Eventually, the man behind the bar came around and turned the lock, but he only partially opened the door. “We’ve got about five minutes before the kitchen is up and running,” he said. He looked about as far from Trevor as possible. Older, unapproachable, irritated by my presence. There was something slightly familiar about him, but I’d been feeling that about everyone recently: the people at the hospital, the residents of Elyse’s apartment building. Like I might’ve seen them all before, in passing. But maybe not. Maybe I was searching for it now, knowing what I’d missed in Sean Coleman.

“Sorry, I’m looking for Trevor?” I said.

The man shook his head. “He doesn’t work today.” Then he let the glass door swing shut.

I moved my foot into the doorway to catch it, then followed him inside as he strode across the restaurant floor. “Do you know where I can find him?”

He paused at the bar before easing himself behind the counter. He looked me over like he was assessing the threat of a person who had barged into a closed establishment. This was when it paid to be small and unassuming.

“I’m not in the habit of giving out employee information,” he said, his words carrying through the empty space. I’d never been in here on a Sunday afternoon, and it seemed so much larger without the crowd and the noise. I could hear dishes from the kitchen, low laughter.

“It’s really important,” I said, standing on the other side of the counter. Then, at the condescending look he gave me, I added, “It’s about a mutual friend. I work at the hospital.” Letting him fill in the gaps. Letting him wonder at the implication, true or not.

Eventually, he took his phone from the back pocket of his baggy jeans. “I can call him myself,” he said, “though I can’t guarantee he’ll answer. He works late hours, as you might guess.”

He dialed from the other side of the bar, looked right at me as he spoke. His face was round and aged, his eyes small and dark. We stared at each other in silence for so long that I was worried the call had gone to voicemail, when he finally broke the silence. “Trevor, sorry to bother you, I’ve got a woman at the restaurant by the name of . . .”

“Olivia Meyer,” I said.

“Olivia Meyer,” he repeated. “She was asking for your contact. She says it’s about a friend . . .”

“Elyse,” I said. This was ridiculous. Couldn’t he just hand me the phone and let me talk to Trevor?

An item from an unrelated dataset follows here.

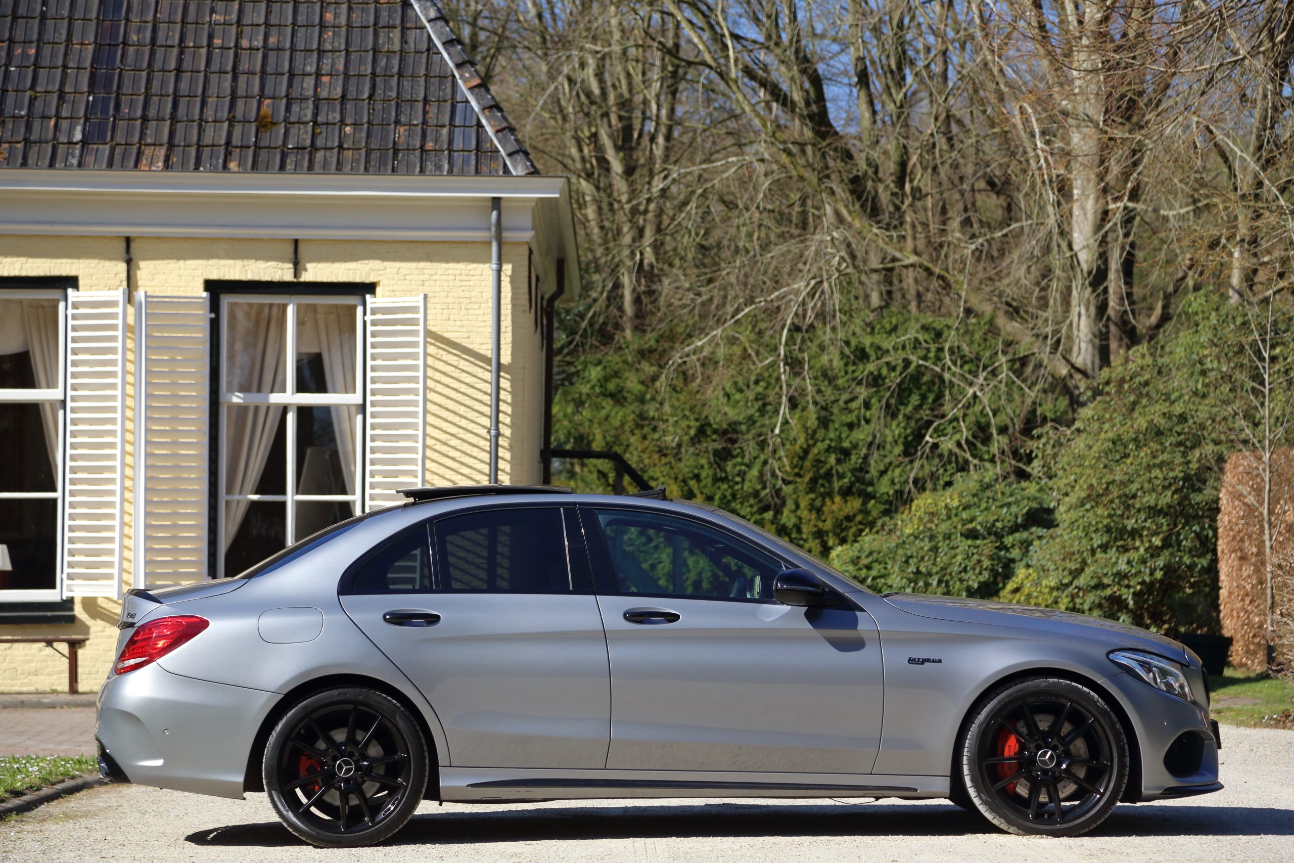 Deze bomvolle Mercedes-Benz C43 AMG, waarbij alle mogelijke opties op de optielijst zijn aangekruist. In 2016 van de productieband gerold in Bremen met een krachtige 3 liter 6-cilinder BiTurbo benzine motor met een standaard vermogen van 367 pk, aangezien dit nog niet genoeg was is het voertuig professioneel getuned naar 430 pk bij Essing Performance Centre. En geloof ons, deze raket is asociaal snel en produceert een geluid dat in te stellen is naar smaak middels een afstandsbediening.
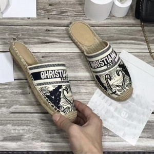 D~Jia スリッポン フィッシャーマンシューズ 2024 夏 フラット刺繍 レイジー包頭ハーフスリップ わら織り 通気性 カジュアル スリッパ

“Elyse,” he repeated, and then, based on whatever Trevor must’ve told him, he did slowly hand me the phone.

“Liv? What’s going on?”

I backed away from the bar, though I was sure this guy could hear. There was nowhere to go for privacy. “Is Elyse with you?” I asked.

“What? No, why would you think . . .” Trevor’s voice was both tense and gravelly, like we’d woken him and he was still trying to get his bearings.

“I can’t find her, and she didn’t show up for work. And her car is at her place, but she’s not there. I just want to make sure she’s okay.” Like I knew Rick would do for me. I wasn’t sure who else would notice if something was wrong in Elyse’s life.